The term “unfit” naturally changes according to the unique circumstances of any given case. Generally, you should be able to show specific circumstances where a lack of business acumen or even common sense has resulted in the decrease in value of the trust’s assets. This is difficult; the selection of who will should serve as trustee was made for specific reasons that are not taken lightly, and often the trustee being removed is an old friend or family member. Keep in mind that mere disagreements are not sufficient to remove a trusteee.
Just because you dislike a trustee or you disagree with something that the trustee did is insufficient reasoning. Commonly, showing a pattern of mismanagement and misjudgment should be established, especially if you can show these decisions are costing the trust money.
Removal Without Cause
Florida Statute § 736.0706(2)(d), often referred to as a “no-fault removal,” includes four requirements. The court may remove a trustee if:
- There has been a substantial change of circumstances or removal is requested by all of the qualified beneficiaries,
- Removal of the trustee best serves the interests of all the beneficiaries,
- Removal is not inconsistent with a material purpose of the trust, and;
- A suitable co-trustee or successor trustee is available.

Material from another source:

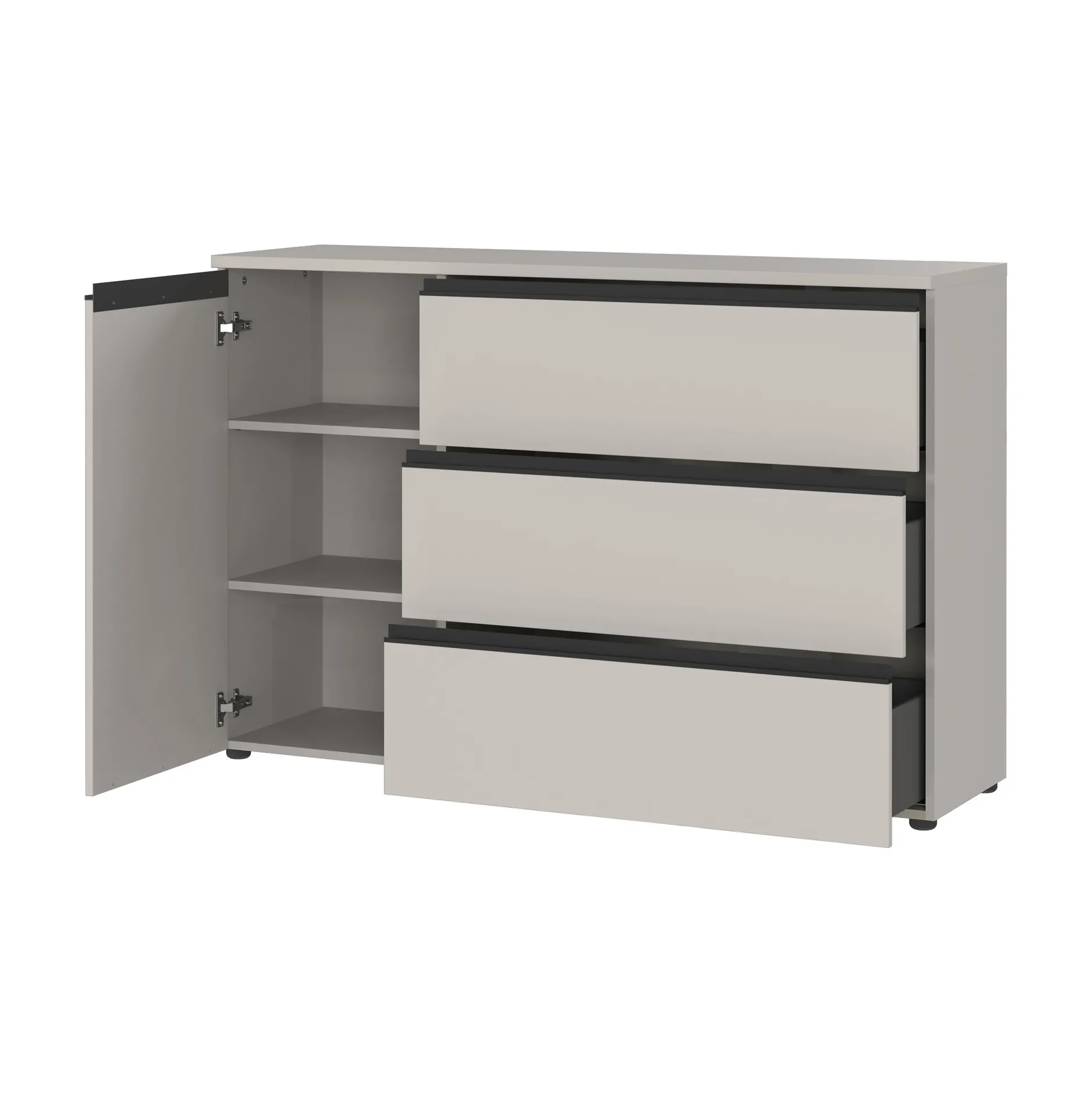Het Dressoir Alec Grijs in 135 cm biedt niet alleen ruime opslagmogelijkheden met zijn 3 laden (elk belastbaar tot 10 kg) en 1 deur, waarachter zich 2 verstelbare planken bevinden (elk belastbaar tot 10 kg), maar ook een stijlvolle toevoeging aan je interieur.
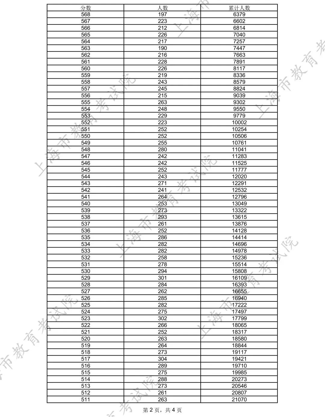 附:上海2025年高考各类别考生成绩分布表

Recently, Florida lawmakers were concerned that the laws were improperly favoring the beneficiaries of a trust over the settlor’s intent, and amended various laws to remove any language that might serve to erode the primary goal of the trust, which is to be consistent with the settlor’s intent. The new language placed the focus of the administration of trusts on the settlor’s intent rather than the benefit of the beneficiaries.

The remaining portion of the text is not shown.